Karsten Vrangbæk, director of the Centre for Health Economics and Policy at the University of Copenhagen, said Danish politicians had employed “a sort of strong rhetoric” that centralising hospitals would allow more specialised services. “So it was really sold as raising the quality.”
However, he noted that giving municipal governments more powers had exposed differences in the levels of funding and staffing each was able to command, although a redistribution mechanism from richer to poorer municipalities and tighter regulation from the state had reduced the level of variation, he added.
In the Netherlands, Nuffield noted, “evaluations of long-term care reforms concluded that smaller municipalities had insufficient capacity to carry out their new responsibilities properly”.
Madelon Kroneman, senior researcher at the Netherlands Institute for Health Services Research, suggested the Dutch government had overestimated the savings that would come from decentralising care as it sought to control “unsustainable” growth in healthcare spending.

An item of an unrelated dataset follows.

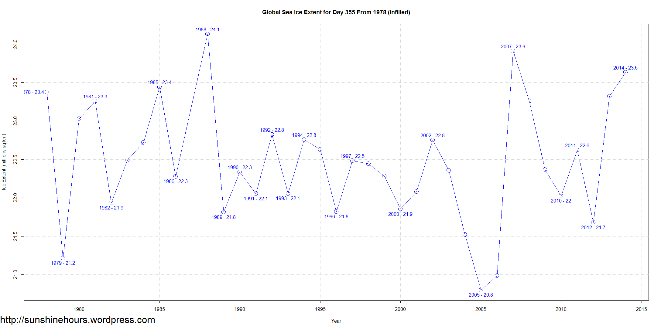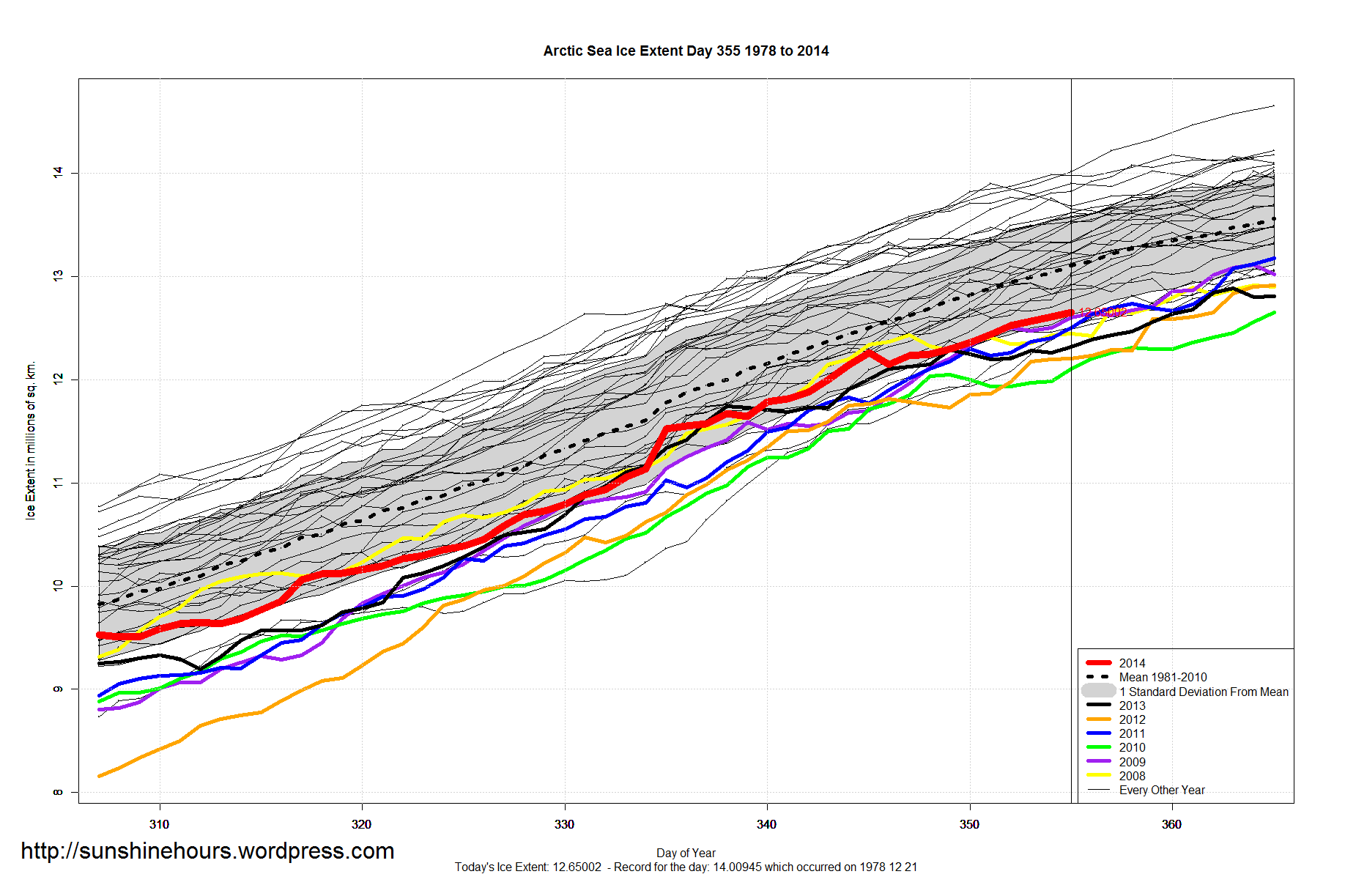 Sea Ice Extent – Day 355- 3rd Highest Global Sea Ice For The Day Published on December 22, 2014 by sunshinehours1 Share this: Click to share on X (Opens in new window) X Click to share on Facebook (Opens in new window) Facebook Like Loading... Related

With costs still rising, ministers had attempted to limit the number leaving hospital for expensive long-term care homes, but doing so had meant families were increasingly expected to find, or provide, the support their loved ones needed, she warned.
Noting that the new approach had also put more pressure on GPs, Kroneman said there was consensus across the sector that there should be a focus on “the right care in the right place . . . [but] what that ‘right place’ is is not yet clear”.

The Department of Health and Social Care said it was “working to ensure patients leave hospital as soon as they are medically fit” and that “the number of patients each day who are ready to be discharged has reduced by approximately 2,800 in England since January”.
“We are investing a record £1.6bn to support this on top of £700mn to ease hospital pressures over last winter and buy thousands of extra care packages and beds,” it said.
NHS England said it had “rapidly expanded the use of out-of-hospital care” and was “increasing the number of patients treated at home or in the community”.
It added that treating patients at home via “virtual ward beds” could help them avoid “unnecessary hospital admissions . . . [and] recover faster where they are most comfortable”.